With these variables defined, user simulation can be stated as the following computational problem:

Given the variables T, S, and U, the goal is to create an agent that can simulate every action that user U may take when attempting to complete task T using system S.
General Evaluation Dimensions

To assess how well a simulator solves this computational problem, we investigate three main types of evaluation:

  • Qualitative Evaluation: Measures the perceived human-likeness and realism of the simulated interactions through direct human assessment.
  • Behavioral Metrics: Measures how closely the simulated interaction patterns and variance match the quantitative data found in real human usage logs.
  • Outcome Metrics: Measures the final result of the interaction (e.g., task success or efficiency) on a conversation level to see if simulators reach the same outcomes as humans.
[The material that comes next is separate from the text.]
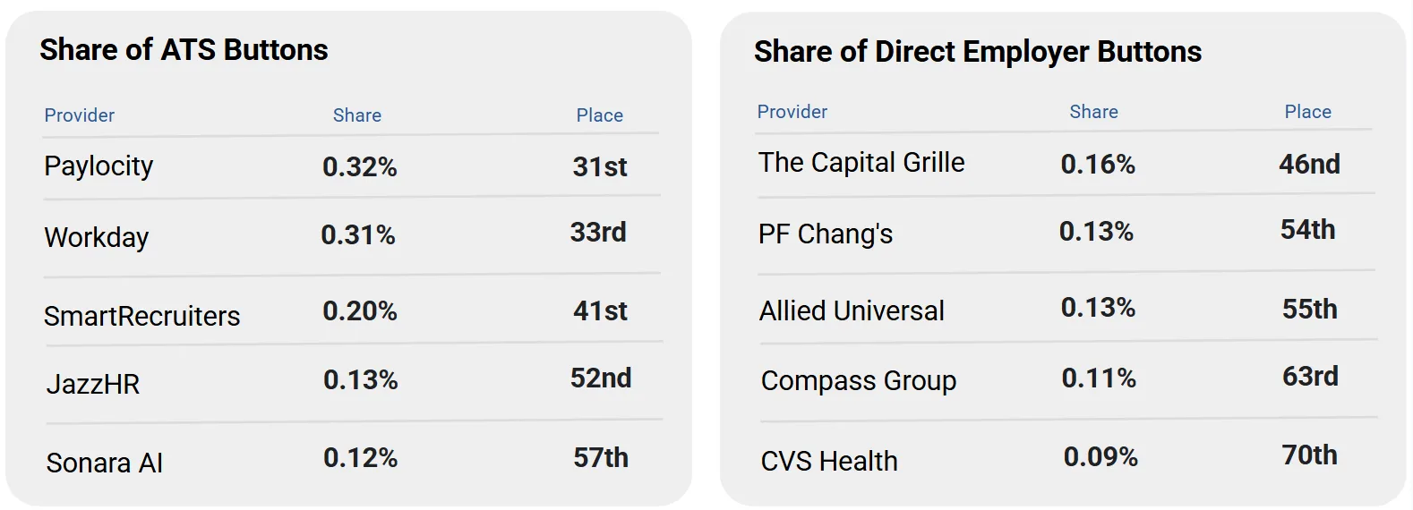 Among direct-employer buttons, the leaders are concentrated in frontline, high-volume hiring sectors: food service and hospitality (The Capital Grille, PF Chang’s, Compass Group), large outsourced services/security (Allied Universal), and retail healthcare (CVS Health). This suggests that Google’s direct-apply visibility is especially strong for employers with constant, broad recruitment needs and high turnover, who benefit from driving candidates straight to their own career sites.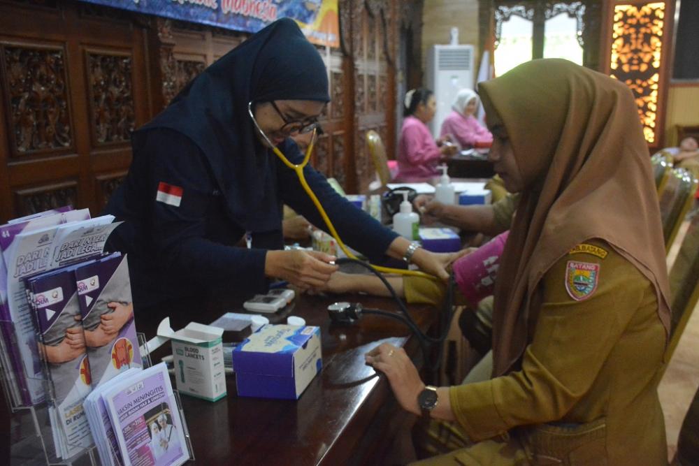 Petugas Rumah Sakit QIM (kiri), memeriksa tekanan darah salah satu Aparatur Sipil Negara (ASN), dalam memeriahkan HUT Korpri Ke-53 di Aula Bupati Batang, Kabupaten Batang, Selasa (12/11/2024). Ketua Korpri Batang Tulyono mengatakan, kegiatan ini bekerja sama dengan PMI cabang Batang kemudian cek kesehatan dengan Rumah Sakit QIM. Yaitu tesnya ada tiga kegiatan yang pertama gula darah, asam urat, dan tekanan darah. MC Batang, Jateng/Jumadi/Sri Rahayu

The First Edition (Year 1)

Objectives

The primary focus of the first edition is to lay the groundwork for long-term user simulation research. Measurable success criteria include:

  • Setting up a robust, standardized infrastructure for simulator-agent interactions.
  • Collecting high-quality baseline data and establishing annotation guidelines for human-likeness.
  • Developing initial metrics and baselines for evaluating the quality and fidelity of user simulators on a constrained conversational task.
Tasks

For the first year, we focus on conversational data search, specifically simulating a researcher looking for datasets to help answer a research question. We define this task as an instantiation of our general framework as follows:

  • Task (T): Find datasets to help answer a research question.
  • System (S): Conversational search system with a chat-based UI.
  • User (U): Researcher.

Participants will tackle this scenario through two specific challenges:

  • Task 1: Turn-level Next Utterance Prediction: Given a partial conversation history and an initial information need, predict the user’s immediate next utterance (and potential dialogue acts). Focus: Local conversational coherence and reactive behavioral realism.
  • Task 2: Session-level End-to-End Conversation Generation: Given an initial information need, generate a complete, multi-turn interaction until the simulator decides the need is satisfied or the search should be abandoned. Focus: High-level planning, persistence, and strategic goal achievement.
Methodology

We will utilize a standardized API setup where participant-developed user simulators communicate directly with a set of provided conversational search agents.

First Edition Evaluation Focus

In year one, we are intentionally deferring Outcome Metrics to focus heavily on the mechanics of the conversation itself. We will evaluate submissions using:

  • Qualitative Evaluation (Human Raters):
    • We will conduct a form of Turing Test where trained annotators are presented with two dialogues and must attempt to guess which one is simulated.
    • We intend to identify qualitative patterns and specific points of failure beyond simple binary judgments. We hypothesize that current simulators will struggle to pass this test, and this evaluation will help us pinpoint exactly where and how they exhibit non-realistic behavior.
  • Behavioral Metrics (Quantitative Log Comparison):
    • We will quantitatively compare the logs of simulated dialogues against real human usage logs. This involves analyzing the distributions of key interaction behaviors (e.g., query length, turn count, clarification requests) and utilizing dialogue act annotations to model and compare semantic intent.
    • We intend to determine if simulators can accurately reproduce the prototypical interaction patterns and natural variance found in human dialogues, revealing how closely simulated behavior mirrors actual human search strategies.
Specific Outcomes

By the conclusion of the first edition, we aim to produce:

  • A dataset of conversational data search interactions with both human and simulated users.
  • A learned model (such as an LLM-as-a-judge) trained on our annotated data that can automatically predict a human-likeness score for new simulated dialogues.
  • Reusable, open-source resources for evaluating (1) a new simulator on this specific task, and (2) a new conversational agent against a validated pool of submitted simulators.